It is believed that data is now considering as the new spark of this era. However, the world produces an average of 2.5 million bytes of data per day – that’s more than we are supposed to handle. On the other hand, exploiting this vast amount of data can reveal exciting information that can change the field. Globally, the I-o-T has also risen by a noticeable ratio and it is estimated that 1.6 trillion dollars will be spent by 2022.

On the other side of the coin, data is not small at all – revenue is expected to reach 265 billion dollars by 2022. Though, the data remains important to both. However, the basics of these two technologies are different because they are two completely different concepts. It would be better if we comprehend it deeply because our goal is to discover that it can be used together in different areas to gain a competitive edge. Data processing happens when data is collected and translated into useful information.

I-o-T and Data Science are Two Exclusively Different Concepts

Internet-of-Things (I-o-T)

Imagine a home where your home appliance is connected to the Internet. This is where I-o-T expands the connection from digital devices to physical Internet-connected devices we use every day. All remain online, allowing seamless connectivity to collect and share real-time measurement data and remotely monitor and manage.

When connecting to the I-o-T platform, data from all of these devices are integrated and analyzed. All the same, when ready, it can reveal user information such as models, potential problems, and even suggestions for improving their performance. For example, an I-o-T platform can continuously assess traffic conditions and advise a driver to change lanes or adopt driving methods that improve safety depending on the weather.

Data Science

The term, data science is used in most articles and publications, as it is generally understood. If your data is consistent, you analyze it and create dashboards and reports to better understand how your business is doing. Then they jump into the future and start producing predictive analysis. All and above, with predictive analysis, you predict possible future events and creatively predict consumer behavior.

Differences in Data Flow Management and Processing

All the same, data science contains a bulk of information. However, it does not allow this type of simultaneous data processing to process important information or models for real-time decision making. The analysis is performed later and there are delays or irregularities in receiving and processing data. The data collected is processed immediately in real-time to increase performance, correct errors, or diagnose the problem early. In I-o-T, the data flow is constantly monitored in real-time for accurate data-based decisions and analyzes.

Because the data collected is analyzed only in a certain range, data science solutions are mainly used in areas such as dimensions planning, forecast maintenance, and so on. Although I-o-T is a matter of time, temporary situations, such as traffic management, are considered to be used to simultaneously collect and process data to maximize and address their performance. According to the study, it is clear that data science certifications and I-o-T analytics play a major role in human resource management.

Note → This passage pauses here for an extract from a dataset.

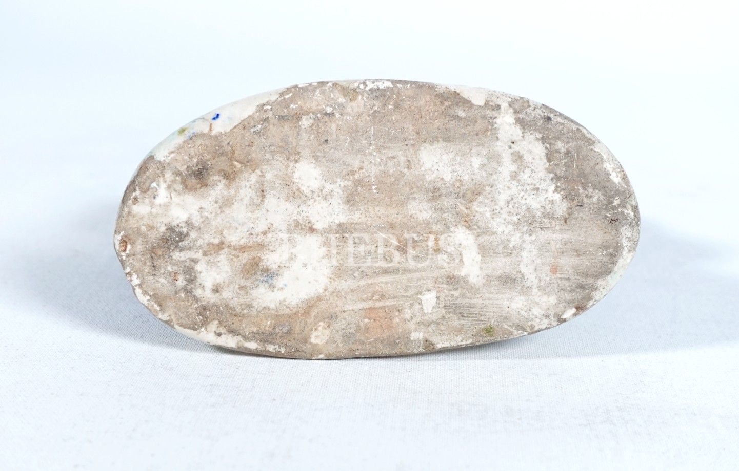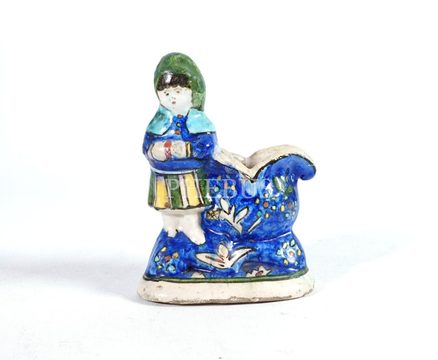 Kütahya seramik kadın biblosu, beyaz hamurlu, beyaz astarlı ve renksiz şeffaf sırlı, sır altı mavi, yeşil ve kahverengi renkleriyle boyanmıştır, 17x12 cm...

I-o-T Applications for Data Science

If I-o-T is the backbone of the infrastructure, I-o-T analytics is the key to creating significant insights based on the vast amount of data from everyday sensors and devices. Here are examples of I-o-T applications in data science:

  • Retail: Since 72.5% of international retailers want to invest in the Internet – of – Things to improve their business plans, it is not surprising that I-of-T is revolutionizing the retail industry. Through inventory management and product demand forecasting, retailers can place orders and increase demand, ensure customer satisfaction, and improve the user experience.
  • Health: I-o-T-related things, like smartwatches and fitness bands, are just a few examples of how I-o-T can improve our health. By tracking your sleep, pace, mileage, the devices allow us to detect our behavior.
  • Smart – towns: By analyzing sensors, cameras, and data, common cities generally appear to be safer, greener, and more efficient communities.
  • Factories and warehouses: Thanks to I-o-T analysis in the field of asset control and maintenance forecasting, factories, among other things, are moving towards optimization. Companies can anticipate engine failure, reduce maintenance costs, and monitor their key assets to prevent theft and optimize maintenance routes.

Carrying I-o-T and Big Data Together

However, this technology requires new infrastructure, including software and hardware applications, and an operating system; organizations need to manage the flow that will move and explore it in real-time as it develops. Here’s the data science; large analytical devices can process large amounts of data generated from I-o-T devices, creating a consistent flow of information. However, for their analysis, the I-o-T provides data that data science analytics can process to obtain the necessary information.

All the same, the I-o-T manages the data on a completely different scale, so the analytical solution must respond to its rapid processing and accepting, and then to its rapid and accurate retrieval. There is a multitude of solutions available that allow you to analyze large data sets in near real-time and necessarily form a complete database for a small server that manages up to 100 TB of such small hardware – which is necessary.

Though, the next-generation analytical database uses GPU technology and allows for even greater hardware reductions; 5 TB on a laptop or large car base. It helps I-o-T organizations connect many of the databases that are evolving, helping them adapt to changing flows and get real-time responses, solve the size challenge, and reduce performance.

Conclusion

The development of data processing processes into information is an important part of the success of data science and I-o-T. All the same, it has been observed that many professionals notified giving them your data and they will give you the new one. With more connected devices, companies have more options to use these devices to collect relevant and useful data that can improve their business processes.